Zunächst die Ereignisse: 1940 bis 1943, in der Stadt Tripolis auf der Peloponnes: Ich teilte mit meinem Freund Giorgos Kouloukis auch die Liebe zur »Frühlingssymphonie« und zum »Marsch des Ozeans«. 1947/48, Bürgerkrieg: Giorgos wird zum Tode verurteilt und eingesperrt. Eines Morgens schleppen die Wächter Athina, eine Partisanin, die nach der Schlacht von Zatuna festgenommen worden war, aus der Nebenzelle. Man führt sie zur Mauer des Hofes und erschießt sie. Alle beobachten, wie sich der Saft von den Orangen, die sie an ihrer Brust versteckt hielt, mit ihrem Blut vermischt. 1949, KZ-Insel Makronisos: Morgendliche Zwangsarbeit in der Vierten Abteilung. Gefangene tragen zu zweit Stacheldrahtrollen. Der eisige Nordwind schneidet in die Haut, wirbelt Staub auf, so daß wir kaum sehen können. Wir haben den Kragen hochgeschlagen und die Schirmmütze tief ins Gesicht gezogen. Verdreckt, unrasiert, das Einzige, was noch an Mensch erinnert, sind die Augen. Ich schaue meinem Nebenmann in die Augen und erkenne Kouloukis. 1954, ich lebe in Paris, Giorgos arbeitet als Lehrer in einem kleinen Dorf am Rande Lakoniens. Er hört im Rundfunk die Aufführung meiner Ersten Symphonie durch das Staatliche Orchester Athen, schreibt das Gedicht »Erste Symphonie« und schickt es mir nach Paris. Juli 1968 in Vrachati: Ich vertone das Gedicht und ändere den Titel - »Meine Schwester Athina«. September 1968, Verbannung in Zatuna: Ich stehe unter Hausarrest und harmonisiere das neue Lied. Ins Nebenhaus zieht mit Genehmigung der Gendarmerie eine ältere Frau mit ihrer Tochter. Sie ist mit einem Offizier der Junta verheiratet. Am Abend sitzen sie auf dem Balkon von Frau Marigo. Die Dorflehrerin läßt uns durch meine Tochter Margarita mitteilen, daß sie hierhergekommen ist, um ihrer Tochter zu gedenken, die als Partisanin während des Bürgerkriegs in Zatuna festgenommen und hingerichtet worden war. Ich frage mich, ob es die Mutter von Athina ist. Ich lasse sie wissen, daß ich ein Lied singen werde, das einem Mädchen gewidmet ist, das in dieser Gegend festgenommen wurde. Sie hört mir vom Haus gegenüber zu und weint stumm. Zwischen unseren beiden Häusern sitzen die Wächter, rauchen und reißen Witze. 1976, Panathinaikos-Stadion: Maria Faranduri singt zum ersten und letzten Mal das Lied der Athina während eines Konzerts für Zypern.

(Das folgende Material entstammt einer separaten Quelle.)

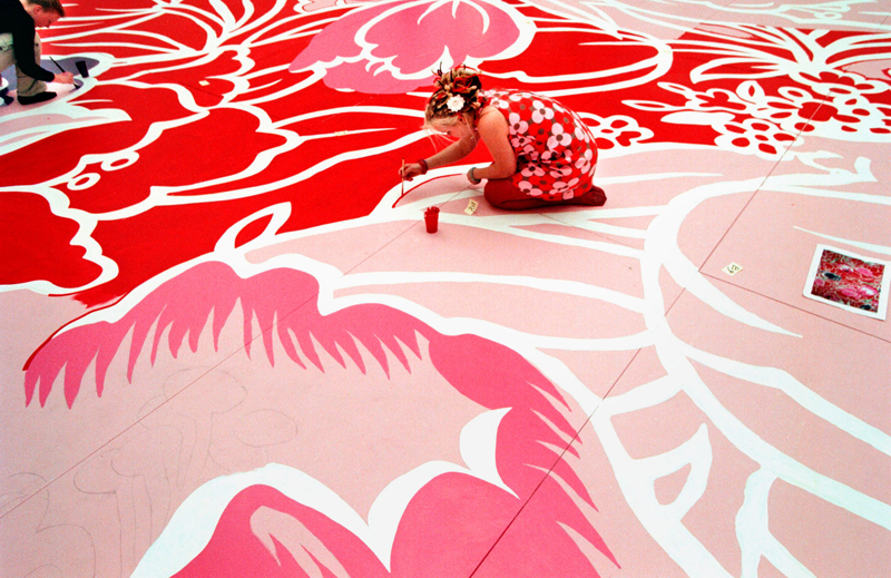 With his enormous floral floor, Michael Lin (b. 1964) deliberately created a functional work of art. The public was allowed to walk across it and organize various activities on it, such as performances, receptions and even exhibitions. The threshold fear of contemporary art was literally removed. Moreover, the unique location of the Atrium made it possible to view the impressive painting from above.
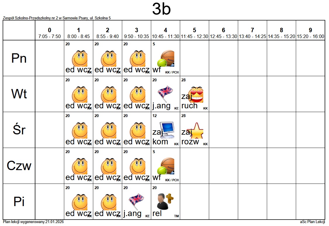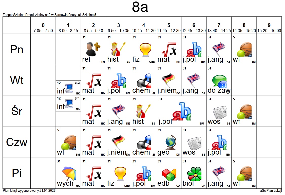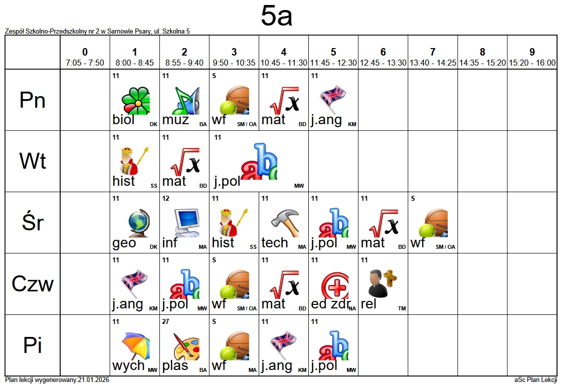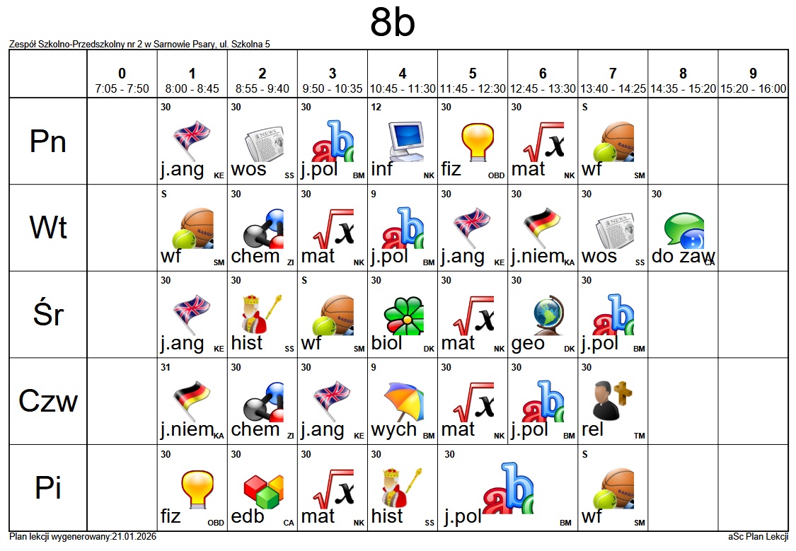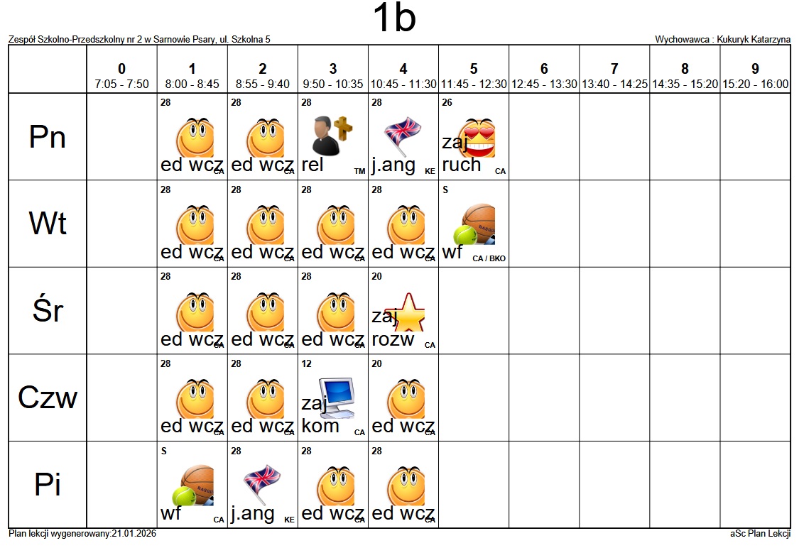 Plan lekcji Szkoły Podstawowej im. Alfreda Szklarskiego w Sarnowie

Geheimnisvoll und unergründlich die Wege, auf die uns der Erzengel führt. Als ich die Arbeit am ersten Satz, dem der Frühlingssymphonie, beendete, sah ich aus dem Wald der Klänge die Gestalt der Athina hervorschimmern. Ihre Schönheit blendete mich. Das Opfer der Athina, das absolute Überschreiten der eignen Grenzen, verwandelt sich zu einer lebendigen erotischen Null und geht dann ins Universum ein. Vorher aber hatte sie die Orangen mit solcher Hingabe geküßt, als wäre in ihrem Saft verborgen der ganze Frühling. Denn im Frühling verwandelt Athina den Tod in einen erschrockenen Hund, der bereit ist, den Spuren der Wahrheit zu folgen, denen, die in den Tod führen. Das schwache Leuchten des kommenden Sommers in der Nacht. Athina, das Fundament der Frühlingssymphonie, wird endgültig zur Ersten Symphonie.

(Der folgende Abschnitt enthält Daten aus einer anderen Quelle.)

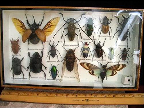 Mounted collection of large beetles hymenoptera in good condition, frame measures 14" x 8" by 1 7/8" deep
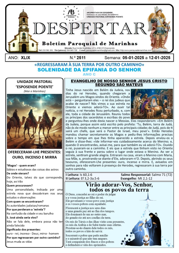 ≈ Comentários Desativados em Boletim Despertar n.º 2511 de 05.01.2025 a 12.01.2025
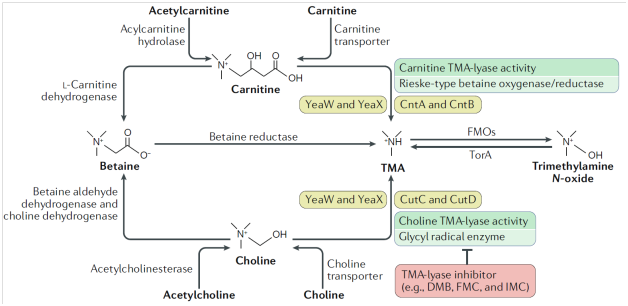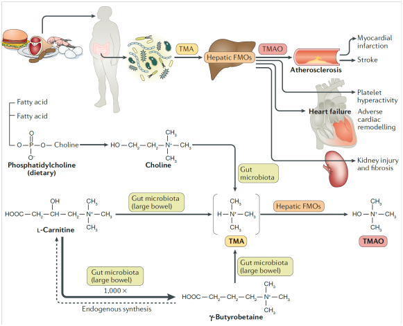 TMA-TMAO途徑是飲食、腸道菌群與動脈粥樣硬化和血栓形成危險因素的一個新的交匯點。TMAO由含有TMA基團的食物,如磷脂酰膽堿、膽堿和肉堿等產生。這些營養物質通過多種微生物酶代謝產生TMA,TMA在肝臟中主要由FMO3代謝產生TMAO。
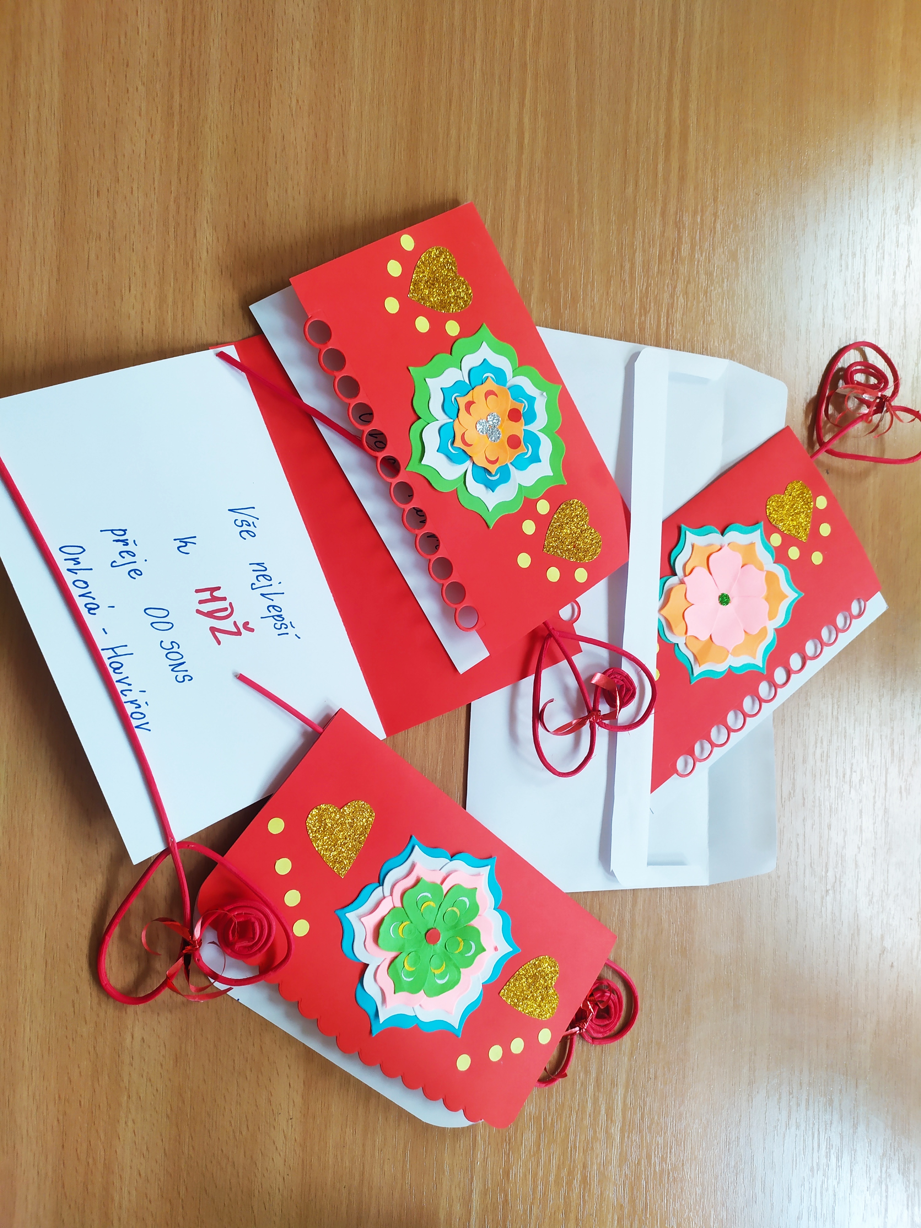 Na kroužku "šikovné ruce" naše členka vytvořila krásné přáníčka k MDŽ a na kroužku "vaření" jsme upekly na to posezení i ten dobrý zákusek :)

Dritter Satz: Marsch des Ozeans

Die Landschaft ist zu einem nächtlichen Hafen geworden. Dort beginnt die Reise, die ihren Schatten auf die vorbeifahrenden Schiffe wirft. Der Chor kehrt zurück, ein vielgesichtiges Wesen, in dem jede Stimme hörbar wird und sich verliert - klangliche Leuchtkugeln - über den dunklen Wassern des Ozeans. Sie erhellen, flüchtig, mal Soldaten mit aufgesetztem Helm, mal verwundete Hände, gleich der Vergebung, die zu spät kam.

Plötzlich versperren die Streicher den Horizont. Was verbergen sie? Die Gefangenen etwa, die an den Ankern festgebundenen? Oder die Fessel, die den Hals des Horizonts umschließt?

Takt um Takt stellt sich uns die neue Frage: Werden wir also noch heimlich schüren die offene Wunde der Sonne? Wie ein Traum im Traum werden aus dem ruhigen Sturm der Klänge die Blumensamen und die fruchtbaren Adern des Frühlings hervorgehen. Endlich werden die erotischen Nullen zu sehen sein. Endlich sind wir bereit, Gottes Göttlichkeit zu vollenden im Schrei MEER - MEER - MEER. Wie kannst du noch schlafen, wenn du das Meer gesehen hast? Der Kreis schließt sich. Wir werden dort ankommen, von wo wir ausgegangen sind. Nur die Masten weisen in die Unendlichkeit. Bewegungslos über dem nächtlichen Hafen werden wir beobachten die Lichter, ertrunken im Wasser.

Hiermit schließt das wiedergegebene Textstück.